🤖 AI Summary
This work addresses the efficient solution of Poisson problems involving cut-based hypergraph Laplacians. By reformulating the Fenchel dual as a convex flow optimization problem on an auxiliary graph, the authors introduce a novel primal recovery theorem that exactly reconstructs the original potentials using only a single non-negative scalar per hyperedge, thereby circumventing the traditional reliance on detailed flow routing. Combining finite-precision rounding, minimum-cost flow algorithms, and a base-point reduction for regularized objectives, the proposed method outputs an approximately optimal solution in time $P^{1+o(1)}$ with high probability, where $P$ denotes the input size. The solution achieves an additive duality gap no larger than $\exp(-\log^C P)$, yielding nearly linear time complexity.
📝 Abstract
For a connected weighted hypergraph, we give a randomized almost-linear-time solver for the Poisson problem for the cut-based hypergraph Laplacian in the natural input size $P=\sum_{e\in E}|e|$, the sum of hyperedge sizes. For every fixed constant $C>0$, our randomized algorithm runs in $P^{1+o(1)}$ time and, with high probability over its internal randomness, returns a primal point and a dual certificate, with additive optimality gap at most $\exp(-\log^C P)$.
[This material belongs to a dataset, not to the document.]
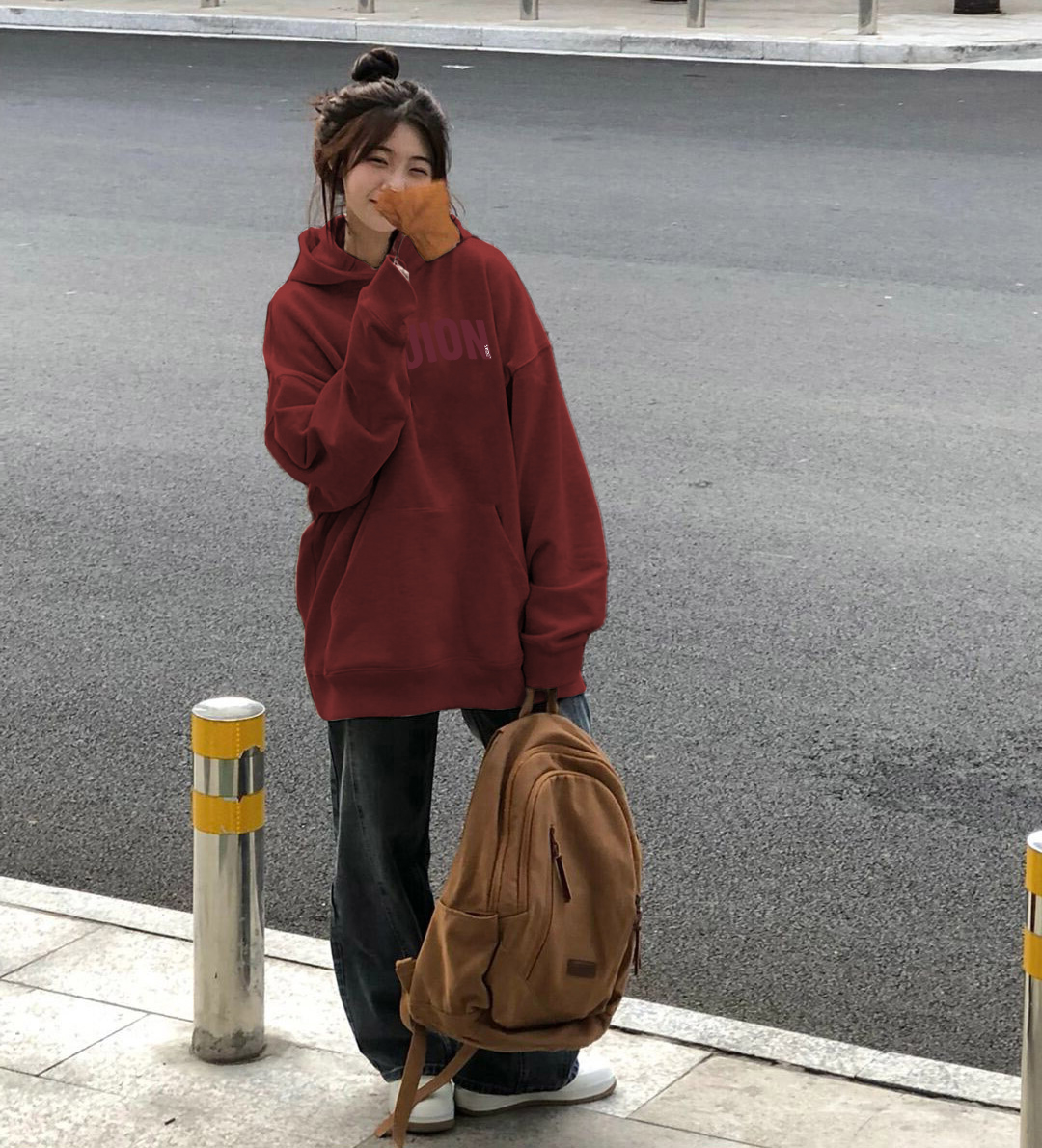 酒紅色連帽運動衫外套女春秋2023新款爆款oversize美式重磅寬鬆上衣

A key step is to rewrite the Fenchel dual as a convex-flow problem on an auxiliary $O(P)$-arc graph, yielding a near-optimal dual flow. The main difficulty is primal recovery, because this flow does not by itself determine a primal potential. Our main new ingredient is a recovery theorem showing that, for primal recovery, the detailed routing of the dual flow inside each hyperedge gadget can be discarded: one nonnegative scalar per hyperedge is enough. After the necessary finite-precision rounding, these scalars define a linear-cost min-cost-flow instance on the auxiliary graph, and solving it exactly recovers a primal potential. Finally, a ground-vertex reduction from regularized objectives to the Poisson solver gives randomized almost-linear-time resolvent/proximal primitives for the same cut-based hypergraph Laplacian.